Final Answer:
To maximize profit, you should purchase 12 calculus texts, 8 history texts, and 4 marketing texts.
Step-by-step explanation:
To maximize profit when purchasing calculus, history, and marketing texts, we can set up a system of linear equations to find the number of texts of each type that should be purchased. Let x represent the number of calculus texts, y represent the number of history texts, and z represent the number of marketing texts. Using the given prices and assuming that the same profit is made from selling each type of text, we can create the following system:
4x + 5y + 8z = Profit (total revenue)
x + y + z = Number of texts purchased (total units)

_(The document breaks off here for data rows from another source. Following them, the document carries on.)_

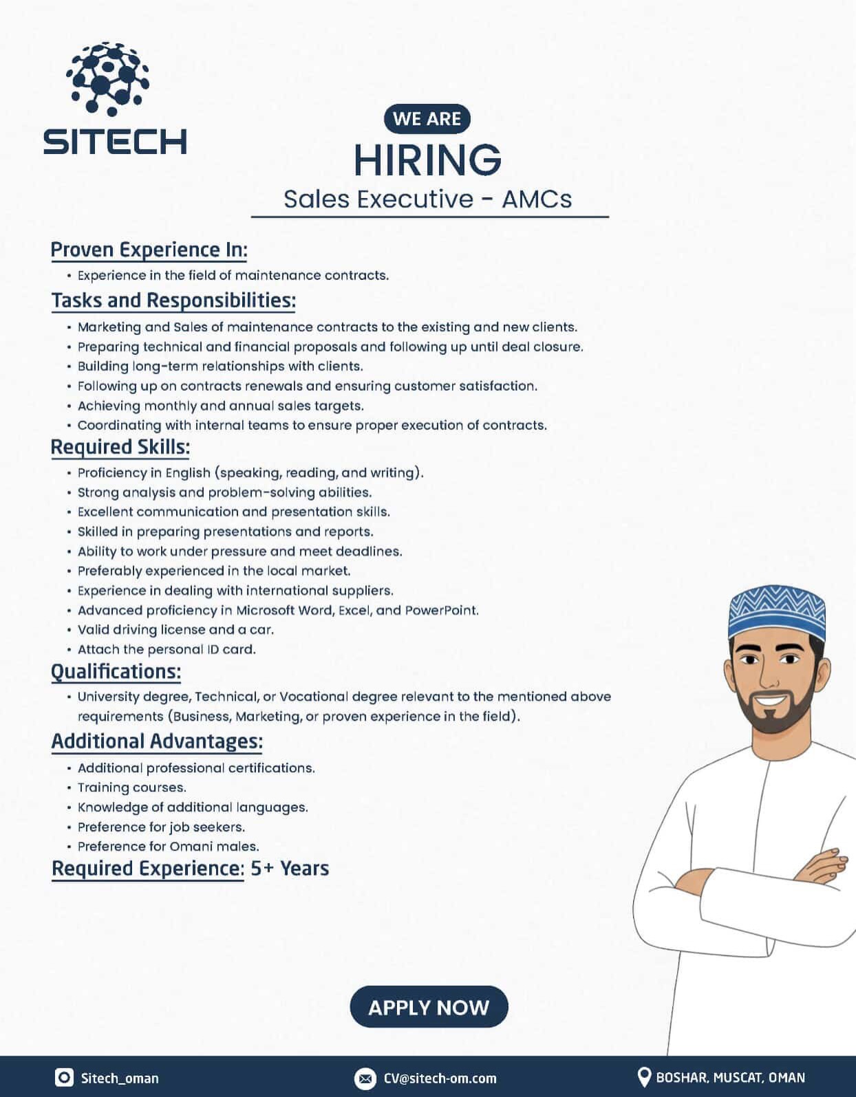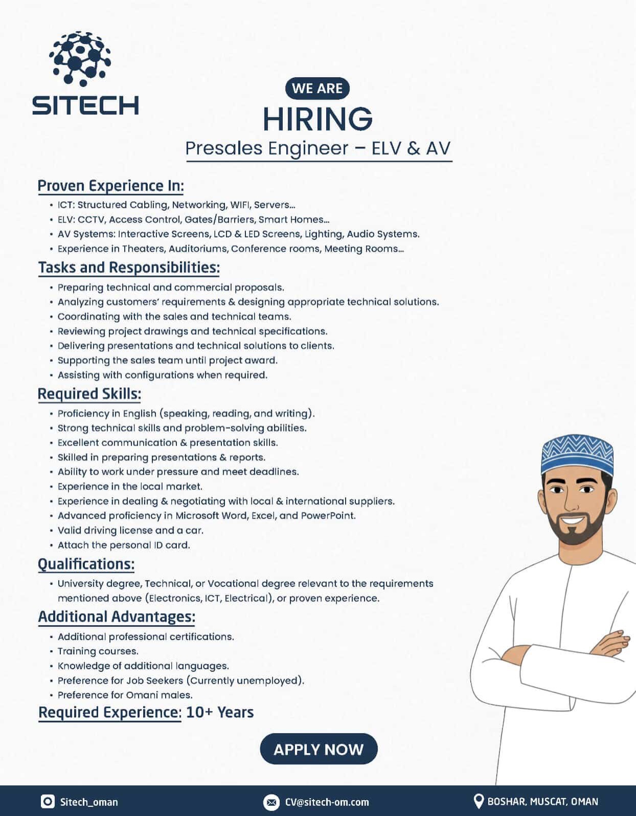 إذا كنت تبحث عن فرصة عمل مهنية في سلطنة عمان مع إحدى الشركات الرائدة في مجال التكنولوجيا والصيانة، فإن Sitech تقدم لك الفرصة المثالية. سواء كنت مهندسًا مبيعاتيًا في ELV & AV أو متخصصًا في مبيعات عقود الصيانة، فإن هذه الوظائف توفر لك فرصة لتطوير مهاراتك والعمل في بيئة متطورة.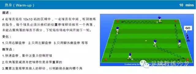 热身:采用有球方式,其实针对U8-10这个年龄段的孩子结合的热身,我个人是非常认同的,也可能我带的班都控制在20人之间,直接一人一球,开始热身挺好。如果你觉得有哪个小家伙调皮导弹了,OK,变成无球也可以,或者干脆让他抱着球,不是门将抱着球不让踢的滋味不好过吧!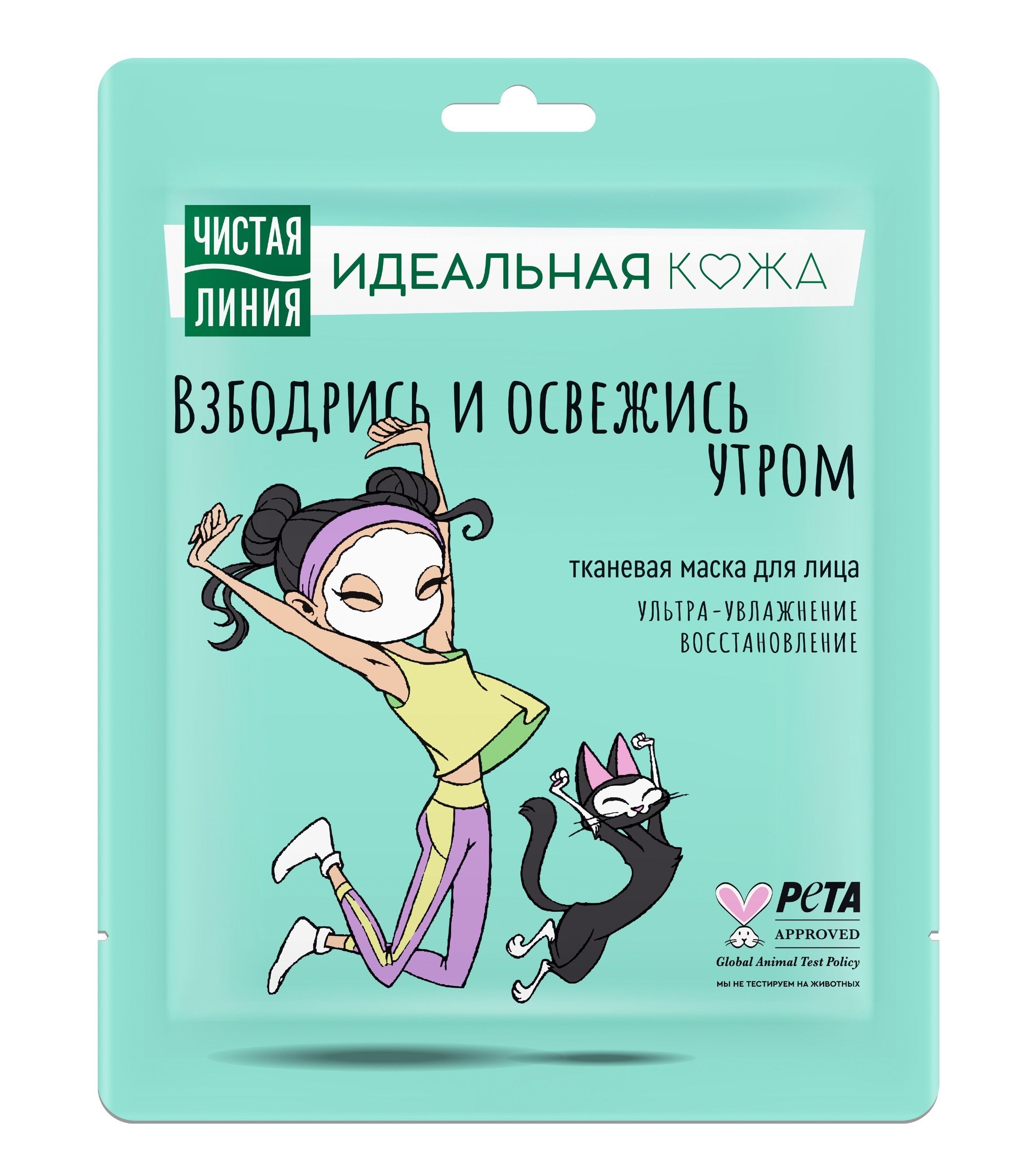 Чистая Линия Тканевая маска для лица ультра-увлажнение и восстановление с аллантоином, мятой и алоэ вера 19.7г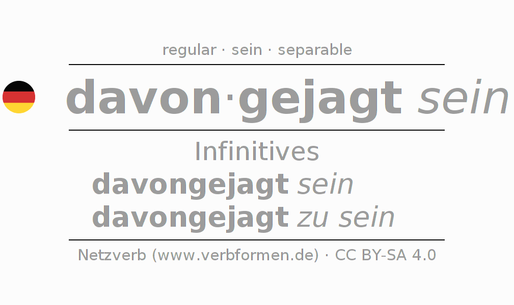 The conjugation of davonjagen in Infinitive Present Perfect base form Statal Passive is davongejagt sein, davongejagt zu sein.The conjugation corresponds to certain grammatical rules. Likewise the requirements for the conjugation of the simple verb forms of davonjagen in Infinitive. Comments ☆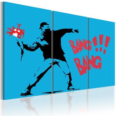 Wysokiej jakości obraz "Bang bang! - triptych" drukujemy na prawdziwym płótnie malarskim. To jeden z wielu oryginalnych wzorów, które możesz zamówić na naszym sklepie.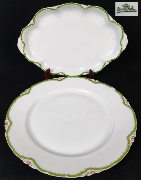 • Rosenthal, Bavaria - Duas travessas em porcelana alemã na cor branca, com detalhes filetada a ouro, listra verde e bordas recortadas, sendo uma redonda e outra oval. Medindo: 30 cm e 32 x 21 cm.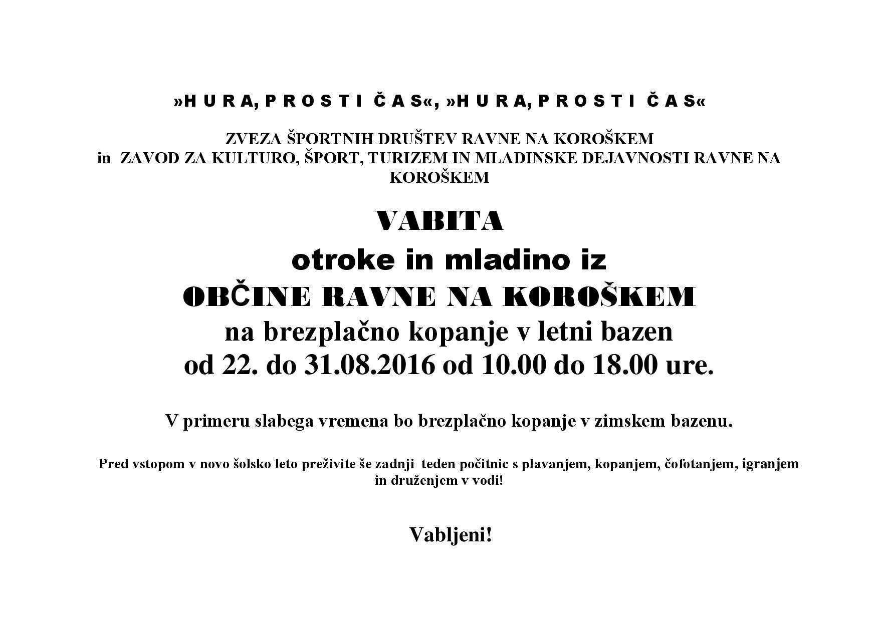 ZVEZA ŠPORTNIH DRUŠTEV RAVNE NA KOROŠKEM in ZAVOD ZA KULTURO, ŠPORT, TURIZEM IN MLADINSKE DEJAVNOSTI RAVNE NA KOROŠKEM, vabita otroke in mladino iz OBČINE RAVNE NA KOROŠKEM, na brezplačno kopanje v letnem bazenu, od 22. do 31.08.2016 od 10.00 do 18.00 ure.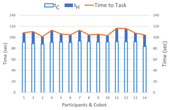 The objective for the participant in the task TOH5 is to perform as many replays as possible. The secondary task, Collaborative Assembly, is related to responding to requests for collaboration from the cobot, which are indicated by the green light of the beacon in the assembly area. The time that the human takes to place caps is saved as Wait Time and Cycle time and recorded in a data table, like the one shown in Table 4, jointly with figures for Task 1 when the operator is in the experimental scenario. In the collaborative assembly task, the activities of the participant, are: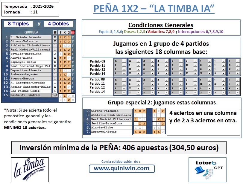 PEÑA 1X2 LA TIMBA IA J. 11: AGOTADA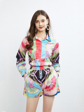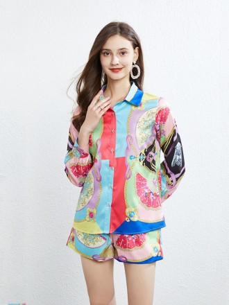 SUITS SEPARATES Wholesale Temperature printing two -piece single buckle lapel shirt stitching button...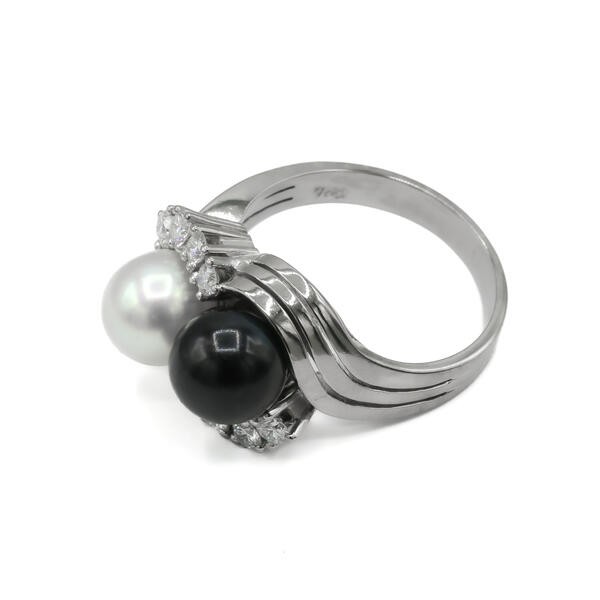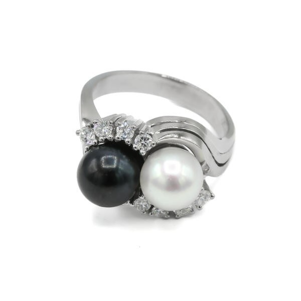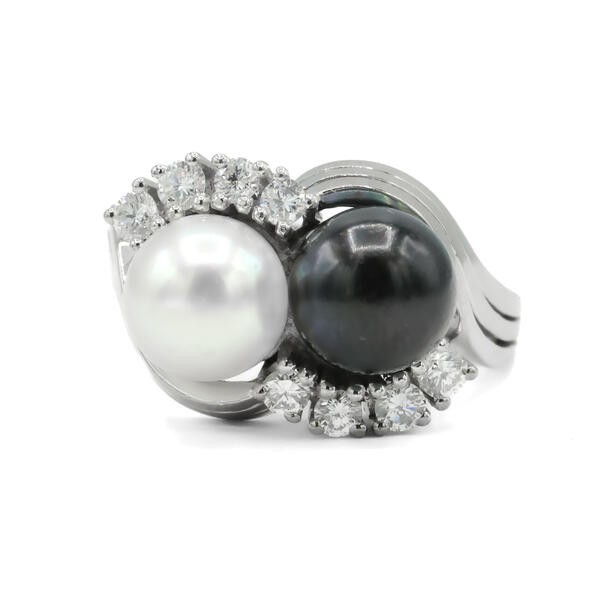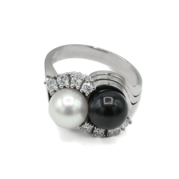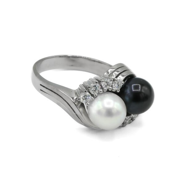 Ring mit Perlen Diamanten Brillanten in aus 18 Kt 750 er Weiß Gold 57 Ringe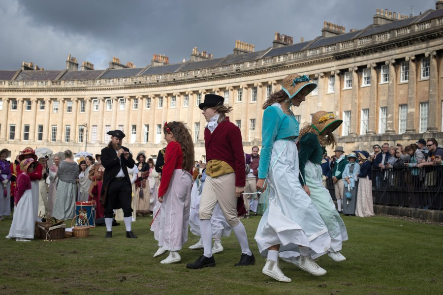 BATH, UNITED KINGDOM - SEPTEMBER 09: Participants in the annual Jane Austen Regency Costumed Parade dance on the lawn of the historic Georgian Royal Crescent before they walk through the city centre on September 9, 2017 in Bath, England. This year, the annual event coincided with the 200th anniversary of 19th century author's death and saw hundreds of people parade through city centre streets dressed in regency costume. The event marks the start of a 10-day Jane Austen festival that celebrates the 19th century author who lived in the city from 1801 to 1806 and set two of her six published novels, 'Northanger Abbey' and 'Persuasion', in Bath. (Photo by Matt Cardy/Getty Images)
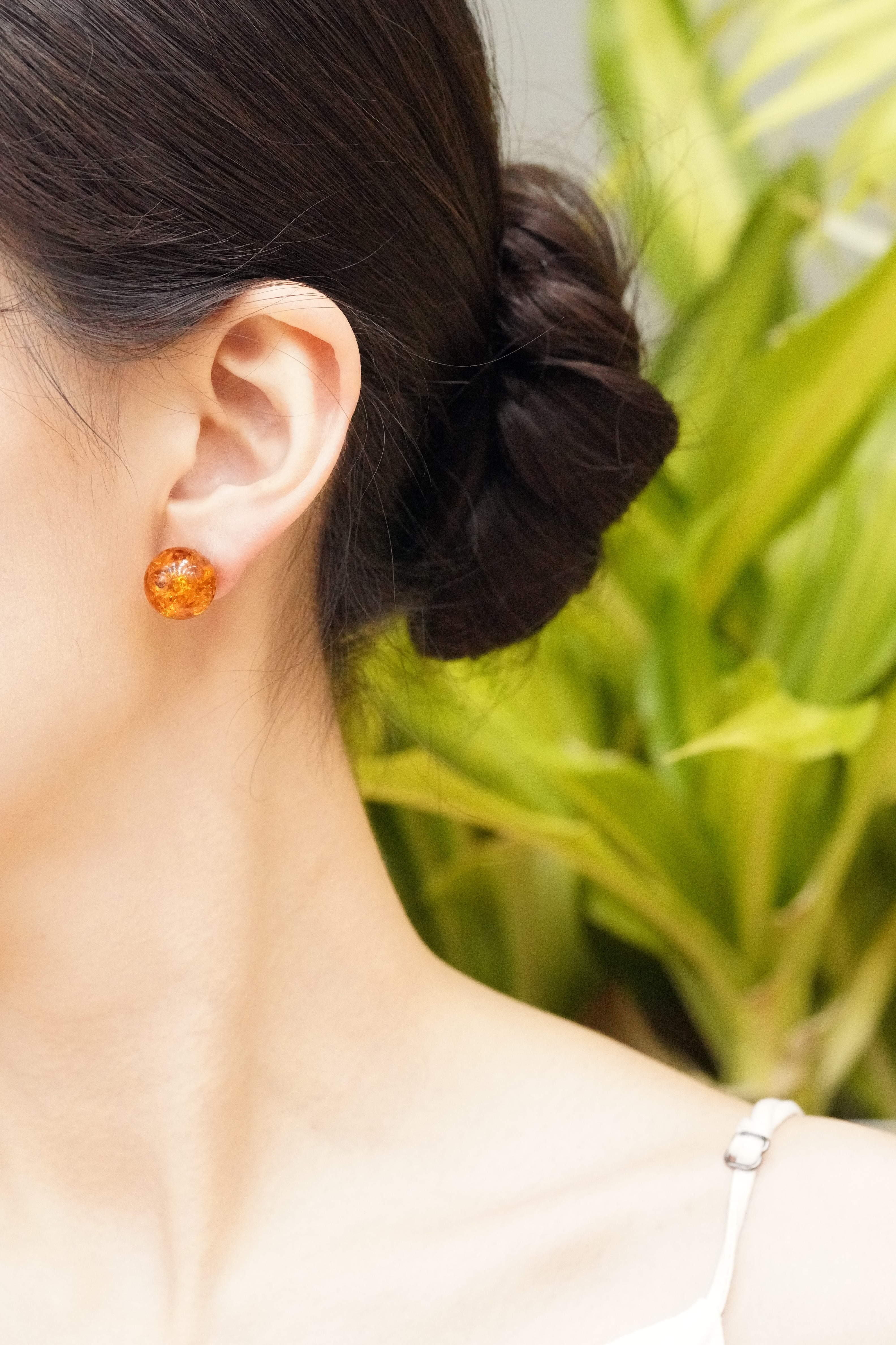 [A93][Amber 호박] 14mm 금파 실버 귀걸이 단단하게 잡아주는 화이트 도금 클러치 포함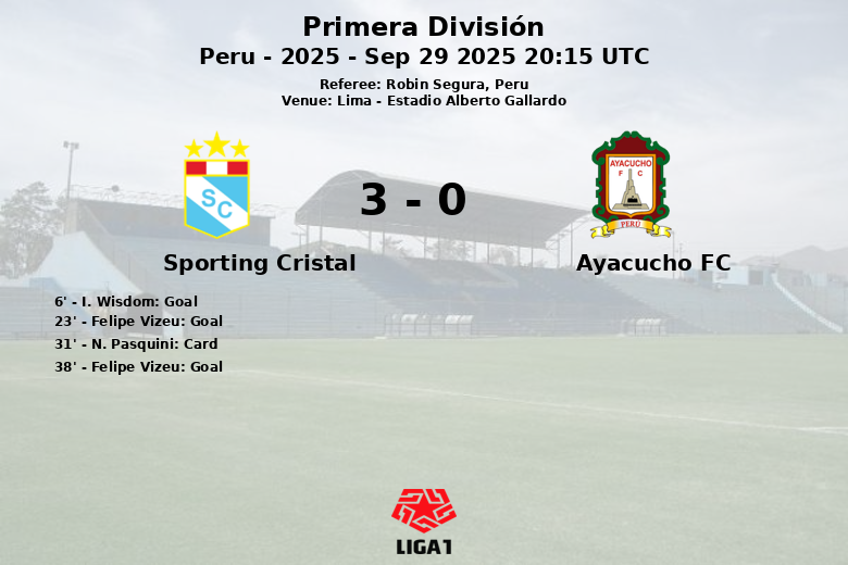 Apesar do cartão amarelo mostrado a N. Pasquini aos 31 minutos, o Sporting Cristal manteve o controle da partida. O Ayacucho FC, com 39% de posse, tentou reagir, mas seus 7 chutes, dos quais apenas 3 foram a gol, não foram suficientes para inquietar a defesa celeste. A partida terminou com um claro domínio do Sporting Cristal, que demonstrou sua solidez tanto no ataque quanto na defesa.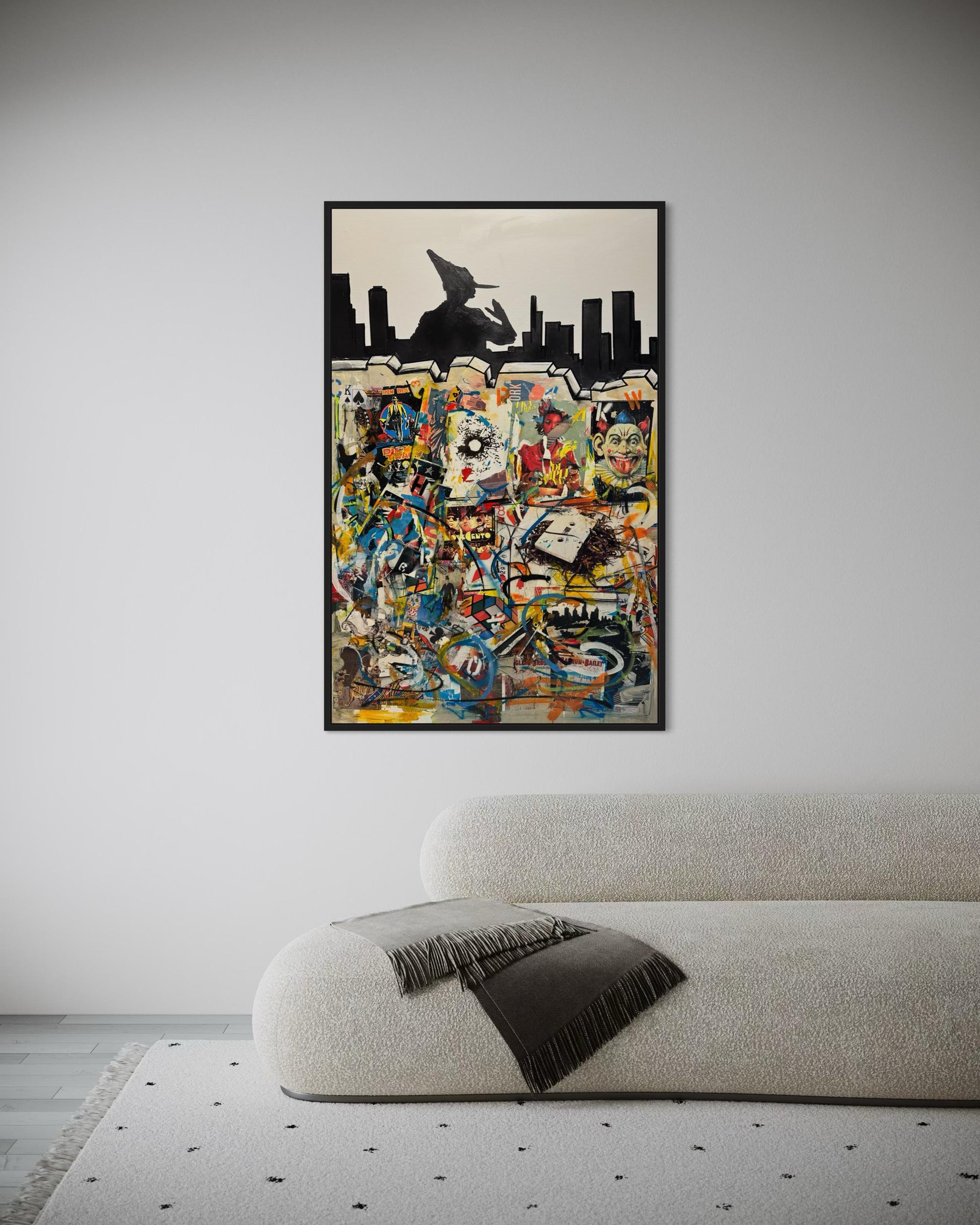 La delimitazione, dunque, sembra essere una gabbia che rinchiude gli individui. L'obiettivo? Il pensiero unico, l'omologazione, il bombardamento mediatico. Il muro è la società che ci chiude al suo interno, e attraverso i mass media veniamo storditi da un fiume in perpetua straripanza di immagini.

To find the values of x, y, and z that maximize profit, we can use the method of Lagrange multipliers. This involves finding the critical points of a function called the Lagrange function, which is formed by adding a term for the constraint to the objective function (profit). The critical points are found by setting the partial derivatives of the Lagrange function equal to zero and solving for x, y, and z. After finding the critical points, we can determine which one corresponds to a maximum by checking whether the determinant of the Hessian matrix is positive or negative.
Using this method, we find that x = 12, y = 8, and z = 4 maximize profit. This means that purchasing 12 calculus texts, 8 history texts, and 4 marketing texts will result in the highest profit. By following this strategy, you can ensure that you are making the most out of your investment in textbooks.